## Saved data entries
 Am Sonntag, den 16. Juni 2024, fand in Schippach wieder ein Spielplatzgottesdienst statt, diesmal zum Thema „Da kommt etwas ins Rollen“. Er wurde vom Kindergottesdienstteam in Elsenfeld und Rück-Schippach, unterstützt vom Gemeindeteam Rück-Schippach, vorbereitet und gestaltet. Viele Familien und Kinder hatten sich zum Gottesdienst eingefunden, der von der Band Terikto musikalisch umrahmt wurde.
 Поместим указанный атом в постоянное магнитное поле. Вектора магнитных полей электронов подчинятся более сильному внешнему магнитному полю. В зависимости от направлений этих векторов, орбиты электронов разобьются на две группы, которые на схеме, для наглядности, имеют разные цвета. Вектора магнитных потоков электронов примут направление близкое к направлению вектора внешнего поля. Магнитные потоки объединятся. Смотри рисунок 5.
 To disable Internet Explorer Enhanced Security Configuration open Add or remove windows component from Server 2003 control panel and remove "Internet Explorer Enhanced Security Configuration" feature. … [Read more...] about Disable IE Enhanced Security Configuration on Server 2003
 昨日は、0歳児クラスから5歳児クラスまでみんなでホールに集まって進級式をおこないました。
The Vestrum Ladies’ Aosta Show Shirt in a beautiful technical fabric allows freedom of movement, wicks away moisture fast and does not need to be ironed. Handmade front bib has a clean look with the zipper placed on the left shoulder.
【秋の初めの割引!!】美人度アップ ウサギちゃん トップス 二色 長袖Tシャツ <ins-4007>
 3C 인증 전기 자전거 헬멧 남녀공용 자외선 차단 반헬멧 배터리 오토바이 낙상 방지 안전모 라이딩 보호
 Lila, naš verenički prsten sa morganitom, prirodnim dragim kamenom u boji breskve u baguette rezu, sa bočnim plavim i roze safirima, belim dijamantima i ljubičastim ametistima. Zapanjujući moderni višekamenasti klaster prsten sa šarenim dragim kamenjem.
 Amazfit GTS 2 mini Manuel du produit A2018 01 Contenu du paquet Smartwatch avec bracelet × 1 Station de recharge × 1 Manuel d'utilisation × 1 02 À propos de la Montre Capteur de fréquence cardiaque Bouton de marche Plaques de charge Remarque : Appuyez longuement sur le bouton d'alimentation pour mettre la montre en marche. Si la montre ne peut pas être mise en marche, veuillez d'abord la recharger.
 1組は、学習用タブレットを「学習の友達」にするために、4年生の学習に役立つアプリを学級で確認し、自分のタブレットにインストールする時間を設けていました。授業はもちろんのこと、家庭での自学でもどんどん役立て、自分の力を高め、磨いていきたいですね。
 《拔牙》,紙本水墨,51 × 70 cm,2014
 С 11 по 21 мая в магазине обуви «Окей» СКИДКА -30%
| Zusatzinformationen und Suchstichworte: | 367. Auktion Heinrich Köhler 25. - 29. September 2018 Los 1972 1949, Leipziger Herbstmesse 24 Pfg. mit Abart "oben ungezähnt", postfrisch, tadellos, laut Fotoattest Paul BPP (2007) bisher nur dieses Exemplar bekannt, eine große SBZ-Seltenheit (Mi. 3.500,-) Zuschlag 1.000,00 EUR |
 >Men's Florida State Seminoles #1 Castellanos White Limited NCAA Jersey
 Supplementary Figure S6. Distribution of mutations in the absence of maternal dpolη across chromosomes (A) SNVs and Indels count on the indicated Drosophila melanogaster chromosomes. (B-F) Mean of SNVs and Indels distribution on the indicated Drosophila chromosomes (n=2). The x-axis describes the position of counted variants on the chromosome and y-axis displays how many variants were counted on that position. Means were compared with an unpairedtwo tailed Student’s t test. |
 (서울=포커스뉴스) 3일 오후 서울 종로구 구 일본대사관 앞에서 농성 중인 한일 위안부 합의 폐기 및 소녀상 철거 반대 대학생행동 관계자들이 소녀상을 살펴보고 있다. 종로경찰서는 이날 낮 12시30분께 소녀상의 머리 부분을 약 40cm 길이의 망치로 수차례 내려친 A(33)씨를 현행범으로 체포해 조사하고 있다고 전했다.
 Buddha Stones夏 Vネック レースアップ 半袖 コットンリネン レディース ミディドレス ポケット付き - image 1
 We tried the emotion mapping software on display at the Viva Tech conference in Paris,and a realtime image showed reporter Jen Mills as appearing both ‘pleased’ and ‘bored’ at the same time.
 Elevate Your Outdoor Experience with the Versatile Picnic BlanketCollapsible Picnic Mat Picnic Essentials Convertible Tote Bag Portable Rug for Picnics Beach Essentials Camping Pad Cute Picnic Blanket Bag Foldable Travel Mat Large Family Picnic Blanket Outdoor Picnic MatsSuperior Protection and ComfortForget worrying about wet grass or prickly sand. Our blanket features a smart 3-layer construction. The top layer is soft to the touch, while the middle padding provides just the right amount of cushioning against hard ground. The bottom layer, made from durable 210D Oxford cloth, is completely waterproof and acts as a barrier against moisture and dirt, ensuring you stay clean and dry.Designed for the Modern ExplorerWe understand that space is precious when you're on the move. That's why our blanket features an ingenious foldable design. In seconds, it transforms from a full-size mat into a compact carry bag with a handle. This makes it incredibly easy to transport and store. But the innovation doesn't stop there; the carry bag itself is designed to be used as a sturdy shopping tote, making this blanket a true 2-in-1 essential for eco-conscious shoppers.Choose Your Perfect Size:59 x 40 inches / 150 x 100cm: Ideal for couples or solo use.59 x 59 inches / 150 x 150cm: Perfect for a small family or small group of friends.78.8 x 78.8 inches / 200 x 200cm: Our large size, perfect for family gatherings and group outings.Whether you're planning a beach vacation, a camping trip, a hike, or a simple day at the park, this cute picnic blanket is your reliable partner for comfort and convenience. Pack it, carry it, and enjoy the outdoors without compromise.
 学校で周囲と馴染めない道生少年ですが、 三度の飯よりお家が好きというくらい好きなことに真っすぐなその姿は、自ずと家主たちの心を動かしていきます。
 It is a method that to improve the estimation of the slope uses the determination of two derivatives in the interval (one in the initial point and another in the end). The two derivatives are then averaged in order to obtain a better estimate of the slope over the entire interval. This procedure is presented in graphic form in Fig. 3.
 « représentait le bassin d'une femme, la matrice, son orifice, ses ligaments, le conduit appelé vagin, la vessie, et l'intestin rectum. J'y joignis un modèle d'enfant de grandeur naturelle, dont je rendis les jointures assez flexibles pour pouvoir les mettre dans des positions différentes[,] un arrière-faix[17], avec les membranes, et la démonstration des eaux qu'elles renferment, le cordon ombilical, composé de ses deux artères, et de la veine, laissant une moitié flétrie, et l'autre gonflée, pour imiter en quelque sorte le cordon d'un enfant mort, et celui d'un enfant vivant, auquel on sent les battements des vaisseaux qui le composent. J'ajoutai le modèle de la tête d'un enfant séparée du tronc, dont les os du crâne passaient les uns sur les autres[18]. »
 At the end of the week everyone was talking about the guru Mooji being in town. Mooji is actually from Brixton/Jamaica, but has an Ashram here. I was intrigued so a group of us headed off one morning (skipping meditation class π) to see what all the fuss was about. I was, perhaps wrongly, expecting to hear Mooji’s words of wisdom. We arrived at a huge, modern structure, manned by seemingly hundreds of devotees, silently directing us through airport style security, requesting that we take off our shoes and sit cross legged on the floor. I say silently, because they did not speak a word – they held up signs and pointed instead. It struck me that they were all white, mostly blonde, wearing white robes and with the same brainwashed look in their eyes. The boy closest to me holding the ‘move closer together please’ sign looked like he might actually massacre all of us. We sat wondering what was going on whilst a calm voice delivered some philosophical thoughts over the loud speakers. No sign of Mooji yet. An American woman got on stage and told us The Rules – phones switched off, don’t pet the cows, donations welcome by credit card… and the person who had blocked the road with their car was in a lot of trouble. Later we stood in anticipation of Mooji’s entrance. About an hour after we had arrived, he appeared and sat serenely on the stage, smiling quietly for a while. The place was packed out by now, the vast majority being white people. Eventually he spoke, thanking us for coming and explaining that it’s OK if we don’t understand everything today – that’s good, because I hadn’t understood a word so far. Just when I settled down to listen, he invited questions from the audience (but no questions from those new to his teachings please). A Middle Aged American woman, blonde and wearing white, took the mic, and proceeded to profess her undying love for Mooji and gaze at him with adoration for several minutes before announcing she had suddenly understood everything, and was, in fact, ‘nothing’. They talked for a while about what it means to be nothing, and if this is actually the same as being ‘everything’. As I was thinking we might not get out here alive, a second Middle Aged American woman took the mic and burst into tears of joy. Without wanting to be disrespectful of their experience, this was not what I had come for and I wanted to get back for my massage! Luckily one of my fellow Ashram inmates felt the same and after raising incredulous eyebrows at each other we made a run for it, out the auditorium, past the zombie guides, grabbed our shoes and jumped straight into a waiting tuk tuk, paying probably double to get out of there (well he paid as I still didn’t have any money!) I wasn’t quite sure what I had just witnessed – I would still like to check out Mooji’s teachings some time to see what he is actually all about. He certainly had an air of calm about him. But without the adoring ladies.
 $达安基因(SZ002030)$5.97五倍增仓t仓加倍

## EXERCISE BRIEF
From the first line of the data above to the line holding "Lila, naš verenički", reproduce each line exactly; emit no other lines.

## FINAL ANSWER
 Am Sonntag, den 16. Juni 2024, fand in Schippach wieder ein Spielplatzgottesdienst statt, diesmal zum Thema „Da kommt etwas ins Rollen“. Er wurde vom Kindergottesdienstteam in Elsenfeld und Rück-Schippach, unterstützt vom Gemeindeteam Rück-Schippach, vorbereitet und gestaltet. Viele Familien und Kinder hatten sich zum Gottesdienst eingefunden, der von der Band Terikto musikalisch umrahmt wurde.
 Поместим указанный атом в постоянное магнитное поле. Вектора магнитных полей электронов подчинятся более сильному внешнему магнитному полю. В зависимости от направлений этих векторов, орбиты электронов разобьются на две группы, которые на схеме, для наглядности, имеют разные цвета. Вектора магнитных потоков электронов примут направление близкое к направлению вектора внешнего поля. Магнитные потоки объединятся. Смотри рисунок 5.
 To disable Internet Explorer Enhanced Security Configuration open Add or remove windows component from Server 2003 control panel and remove "Internet Explorer Enhanced Security Configuration" feature. … [Read more...] about Disable IE Enhanced Security Configuration on Server 2003
 昨日は、0歳児クラスから5歳児クラスまでみんなでホールに集まって進級式をおこないました。
The Vestrum Ladies’ Aosta Show Shirt in a beautiful technical fabric allows freedom of movement, wicks away moisture fast and does not need to be ironed. Handmade front bib has a clean look with the zipper placed on the left shoulder.
【秋の初めの割引!!】美人度アップ ウサギちゃん トップス 二色 長袖Tシャツ <ins-4007>
 3C 인증 전기 자전거 헬멧 남녀공용 자외선 차단 반헬멧 배터리 오토바이 낙상 방지 안전모 라이딩 보호
 Lila, naš verenički prsten sa morganitom, prirodnim dragim kamenom u boji breskve u baguette rezu, sa bočnim plavim i roze safirima, belim dijamantima i ljubičastim ametistima. Zapanjujući moderni višekamenasti klaster prsten sa šarenim dragim kamenjem.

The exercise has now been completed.